As for training related topics recently discussed by MaineHealth leadership and on this site – it is true that MaineHealth did not give the right priority to training during the installs. On the Epic side of things, it was very clear that training was an afterthought by the Epic ACs as they became more and more overworked with their three different customers. On the MaineHealth side, there were a number of trainers that came and went over the years. From what I have gathered most assumed we were using standard Epic Model workflows and didn’t customize very far from the Epic ‘Training Wheels’ material. Instead we did very little that was ‘Epic Model’.
Actionable lesson learned: Integrate your trainers into your integrated testing, unit testing, and bring them to project team meetings when applicable. Do not isolate them. Make them familiar faces with your operational leadership. MaineHealth made the mistake of hiring and finalizing its trainers much later into the install when some of these things weren’t possible.

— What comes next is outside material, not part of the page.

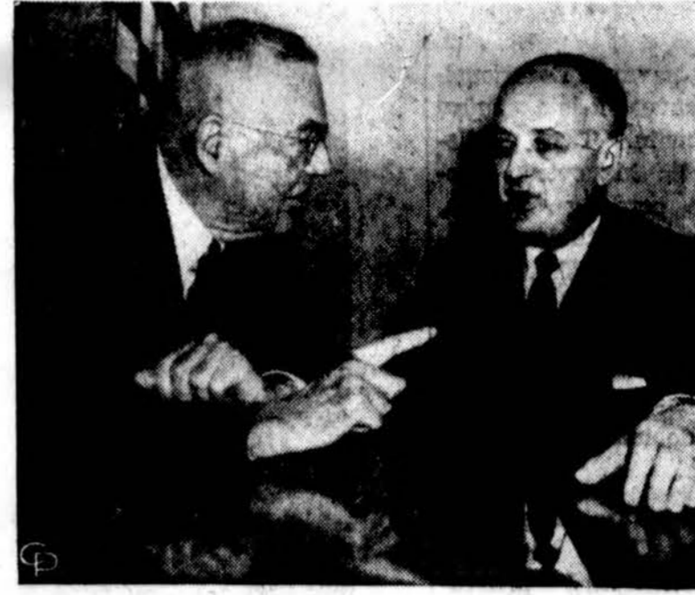
JAV sekr. Dulles ir Prancūzijos užsienio reikalų sekr. Pineau kalbasi Tunisijos reikalais Washingtone, kur pasiekė susitarimo — priimtas toks planas, kad JAV Tunisijai pristatytų ginklai nepatektų į Alžirijos sukiliųjų rankas.

Šiandien nebeturime nei savo valstybės, nei kariuomenės, o tauta neša baisų komunistinį jungą. Ši mūsų tautos nelaimė negali mus įstumti į nusiminimą ir apatiją, bet priešingai — dabar visi lietuviai turi būti kariais ir kovoti už savo tautą; kovoti tokiais ginklais, kokius juos dabar galime turėti. O dabartiniai ginklai yra moraliniai. Mūsų moraliniai ginklai — pilnas tautinis susipratimas. Pilnai susipratę lietuviai savo pareigas tautai atlieka ne žodžiais, o darbais. Šiandien susipratę yra tie lietuviai, kurių šeimose vartojama lietuvių kalba, kurie lanko lietuviškas pamaldas, kurie savo vaikus leidžia ir j lietuviškas šeštadienes ar kitokias mokyklas, kurie pagal išgales aukoja

Other thoughts: Despite what you may read on this website’s comments section, Epic DOES know what they are doing and many of their recommendations come from years of its success AND failures. We made a decision years ago to have multiple service areas across each of our physical locations. We then decided to bring everything under a single service area right before a go live and had to delay as a result. They told us the implications of each option and let us make the decision, but didn’t completely stand in our way and stop us from making a decision that would ultimately get in our own way. We did eventually make a choice that they recommended, but after it was too late. There are other instances during the course of the install that are very similar. Epic attempted to keep a strict schedule for us with the build of our CDM, but as we debated and discussed just how many organizations we were consolidating from, the deadline was pushed further and further back. No CDM, no Build. No Build, no Testing. No Testing, no Integrated Testing. No Integrated Testing, no Training. Some of the dominos that fell after go live were placed many many years before anyone actually saw the action.